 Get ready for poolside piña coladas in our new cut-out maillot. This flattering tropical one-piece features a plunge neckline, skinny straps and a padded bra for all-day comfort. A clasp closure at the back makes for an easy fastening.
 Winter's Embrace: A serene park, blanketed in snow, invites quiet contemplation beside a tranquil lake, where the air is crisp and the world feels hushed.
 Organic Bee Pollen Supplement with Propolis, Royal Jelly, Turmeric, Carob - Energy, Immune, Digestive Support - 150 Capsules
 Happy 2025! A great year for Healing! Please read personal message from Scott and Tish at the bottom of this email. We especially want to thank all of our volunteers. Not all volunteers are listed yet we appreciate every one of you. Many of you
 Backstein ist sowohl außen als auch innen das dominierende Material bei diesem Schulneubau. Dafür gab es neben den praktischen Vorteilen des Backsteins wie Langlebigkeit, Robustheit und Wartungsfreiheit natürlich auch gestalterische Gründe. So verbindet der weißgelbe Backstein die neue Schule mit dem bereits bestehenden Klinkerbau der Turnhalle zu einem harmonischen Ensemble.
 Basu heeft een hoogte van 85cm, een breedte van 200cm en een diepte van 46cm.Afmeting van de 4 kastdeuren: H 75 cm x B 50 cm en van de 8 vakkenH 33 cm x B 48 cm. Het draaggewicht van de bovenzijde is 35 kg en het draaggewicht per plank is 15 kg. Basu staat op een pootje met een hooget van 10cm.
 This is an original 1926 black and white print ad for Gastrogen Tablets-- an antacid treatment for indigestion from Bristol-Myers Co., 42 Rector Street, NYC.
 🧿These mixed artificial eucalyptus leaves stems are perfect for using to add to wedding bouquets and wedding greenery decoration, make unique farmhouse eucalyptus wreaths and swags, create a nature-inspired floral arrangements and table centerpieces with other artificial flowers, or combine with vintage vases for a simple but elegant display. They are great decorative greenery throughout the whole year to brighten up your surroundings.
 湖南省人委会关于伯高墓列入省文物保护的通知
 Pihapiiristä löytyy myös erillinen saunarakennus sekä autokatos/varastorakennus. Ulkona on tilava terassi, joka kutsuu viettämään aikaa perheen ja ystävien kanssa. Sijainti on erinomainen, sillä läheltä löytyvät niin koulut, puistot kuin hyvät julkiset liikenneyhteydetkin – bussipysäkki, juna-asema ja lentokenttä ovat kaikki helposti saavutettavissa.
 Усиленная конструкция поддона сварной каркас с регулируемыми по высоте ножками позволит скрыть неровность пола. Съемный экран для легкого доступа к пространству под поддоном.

* * *

* AIM OF THE TASK:
Could you return exactly the lines above from the line with "Basu heeft een" to the line with "This is an original", both included, and nothing else?

* EXERCISE OUTPUT:
 Basu heeft een hoogte van 85cm, een breedte van 200cm en een diepte van 46cm.Afmeting van de 4 kastdeuren: H 75 cm x B 50 cm en van de 8 vakkenH 33 cm x B 48 cm. Het draaggewicht van de bovenzijde is 35 kg en het draaggewicht per plank is 15 kg. Basu staat op een pootje met een hooget van 10cm.
 This is an original 1926 black and white print ad for Gastrogen Tablets-- an antacid treatment for indigestion from Bristol-Myers Co., 42 Rector Street, NYC.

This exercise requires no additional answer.